Sated by our meal, we went for a walk down the Faubourg du and then Rue Saint-Denis, snickering at the well-past-their-prime prostitutes hawking their, umm, wares in the afternoon heat. "See, I told you they're for real!" I exclaimed to Alannah. "So is this form of prostitution legal here?" she asked, referring to the wretchedly dolled up street-walkers leaning against the wall. I didn't know the answer. I guess if anyone in their 50's wants to do it, they've earned the right.

Oddly enough, this street is about a block from the Quartier Piéton de Montorgueil - m2 for m2 the most expensive neighborhood in Paris. Maybe that's how you pay the rent.

We wound our way south to the Les Halles area, checking out an incredible spice shop along the way, then did some browsing on the last day of soldes at the giant, labyrinthine BHV department store, along with some other home stores until closing time. Then we headed back to Montorgueil for some ice cold smoothies and retiring back to the sleepy old 17th.

This morning called for some more sleeping in, and wasting much of the day by watching TV. I caught an old 1986 episode of Diffr'nt Strokes dubbed into French - wherein whomever does Gary Coleman's voiceover overacts as much as the original. Brilliant! Just as Arnold was making some quip about the snobby, prissy Lisa, I heard the microwave DING!

"Whatcha makin?" I asked Alannah.

"Oh, just heating up some wax."

Realizing that I've got to do more with my weekend, I came up with a brilliant idea. "Ooh, do me! Do me! I've never been waxed before."

Alannah isn't someone to stop an idiot from trying out his idiotic ideas. I took my shirt off and let her smear a patch of wax on a tuft of wiry, black Middle Eastern hair on my shoulder. As the wax cooled a bit, I started getting excited. Anticipating a world of searing pain, I grabbed the heel of a stale baguette and bit down on it.

She counted down. 3... 2... 1...

RrrrrrRIP!

"That's it?"

It was fairly painless, and overall very anticlimactic. But my left shoulder is now smoother than a Brazilian swimsuit model's junk.

Now I had to come up with more ways to fill up my Sunday.

But this boredom is brilliant. It's magnificent. It's what I would consider at this point an ideal weekend. Because for the first time in god knows how long, we didn't have to go to any open houses. We didn't have to meet up with any real estate agents. We didn't have to make photocopies of our dossier.

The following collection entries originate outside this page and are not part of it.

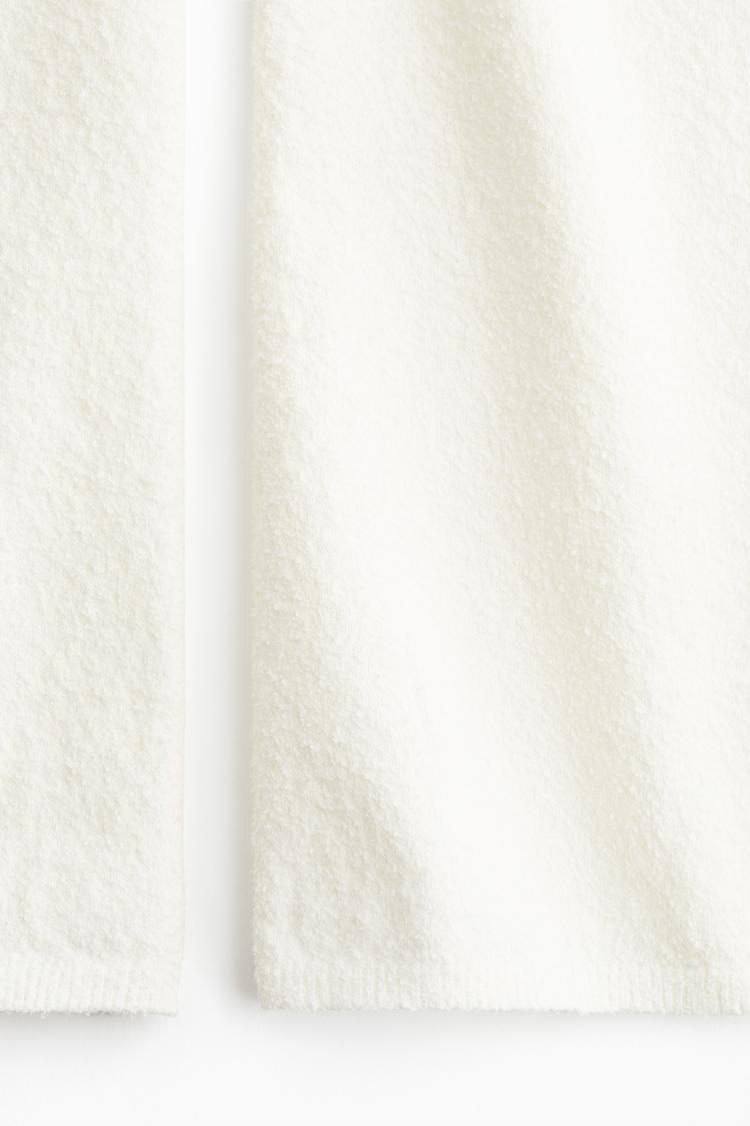 Embrace cozy elegance with these off-white bouclé-knit pants, designed for relaxed, effortless style. Crafted from soft and lightweight bouclé fabric, they feature a wide-leg silhouette and a comfortable elasticated waistband for easy pull-on wear. The full-length hemline with clean finishing adds a minimalist touch, making these pants perfect for casual and loungewear occasions during cooler seasons. Whether paired with a chunky knit or a simple tee, these pants bring understated sophistication and all-day comfort to your wardrobe.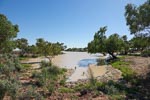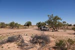 The recent rains and floods have turned the country through which the track passes into a green wonderland interspersed with red rock of the Sturt Rocky Desert. The land is almost unendingly flat except for sand dunes that run approximately north-south and hence parallel the track. We read at one information board that some of the dunes are 250km long. It is mind blowing to think of the drovers who moved herds of cattle along this track in the late 1800s and early 1900s. The monotony, heat and flies must have been horrible and they must have been tougher than us tourists as we travel in our air conditioned vehicles and still complain about the heat and flies.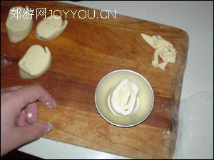 15、放在面粉中沾一下,然后沾有面粉的一面朝上,放在未涂油的塔模里。用两个大拇指将其捏成塔模形状。

Because just the other day, we signed the lease on our brand new long-term apartment.

And go figure, it's in the aforementioned Montorgueil neighborhood. You know, that crazy expensive one. But I love it. And more importantly, the wife loves it.

I'll probably have to don a wig and sell my ass on Rue Saint-Denis to pay the rent, but at least that'll give me something to do besides getting waxed. Which will probably help sales, anyway.